Chinese authorities detained a prominent human rights lawyer on Friday, people familiar with the case said, just hours after he provided journalists with a letter calling for constitutional reform.
Around a dozen people, including a SWAT team, seized Yu Wensheng (pictured) as he left his Beijing apartment to walk his child to school, two sources told AFP.
Local police said they were unaware of his detention.
Mr. Wensheng has been a persistent voice for reform in China, despite the country’s sweeping and increasingly severe crackdown on civil society under President Xi Jinping, which has led to the jailing of numerous human rights litigators.
Just hours before Mr. Wensheng’s detention, he had circulated an open letter calling for five reforms to China’s constitution, including the institution of multi-candidate presidential elections.
“Designating the nation’s president, as head of state, through a single party election has no meaning as an election,” he wrote.
“It has no power to win confidence from the nation, civil society, or the world’s various countries.”
The issue has always been a sensitive one in China, but has become even more so in recent years, as Mr. Jinping’s rise to the position of the country’s most powerful leader in a generation has been accompanied by stern warnings against questioning his position as the Communist Party’s “core”.
Mr. Wensheng has defended prominent civil rights lawyers targeted by the government and people detained for supporting Hong Kong’s pro-democracy movement.
Mr. Wensheng has said that in 2014 authorities imprisoned and tortured him for 99 days for allegedly “disturbing public order”.
He is perhaps best known for being one of six lawyers who attempted to sue the Chinese government over the country’s chronic smog.
At the time, he scoffed at concerns that he might be detained for his actions, telling AFP last year: “If we do things according to the law and still get detained… it will be just the thing to show people the true nature of our so-called ‘rule of law’.”
During the Communist Party congress in October, during which Mr. Jinping further consolidated power, Mr. Wensheng penned an open letter to delegates saying “China has no freedom, no democracy, no equality, no rule of law”.
China’s grip on dissidents and opposition voices is one of the toughest in the world.
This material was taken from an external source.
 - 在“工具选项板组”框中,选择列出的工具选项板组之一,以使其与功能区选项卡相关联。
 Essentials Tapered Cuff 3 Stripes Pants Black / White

Control over the internet is also imperative to the government as outside websites are blocked and hundreds of policeman manually check social media sites for possible protests.
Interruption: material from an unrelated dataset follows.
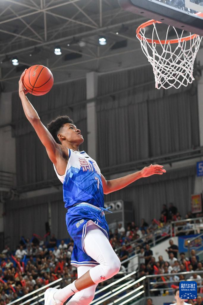 8月15日,新疆伊力特队球员冯傲在比赛中扣篮。

Mr. Wensheng said he was later interrogated by police for three hours.
He was recently suspended from practice and his application for starting a new law firm was also rejected, according to human rights organization Amnesty International.
“It’s likely retaliation against him for talking to media,” the group’s China researcher Patrick Poon told AFP.
“I’m worried he might be charged with a serious offense like ‘inciting subversion of state power’ for his words.”
In December, China imprisoned activist Wu Gan for eight years on the charge in what many experts considered an unusually severe punishment.
Mr. Jinping has increasingly stifled civil society since taking office in 2012, targeting everyone from activists to human rights lawyers and teachers to celebrity gossip bloggers.
More than 200 Chinese human rights lawyers and activists were detained or questioned in a police sweep in 2015 that rights groups called “unprecedented”.
Last year, democracy activist and Nobel peace prize laureate Liu Xiaobo died of liver cancer while still in custody as authorities rejected his request to seek treatment abroad.
A veteran of the 1989 Tiananmen Square protests, Liu was sentenced to 11 years in jail in 2009 for “subversion” after pushing for democratic reforms.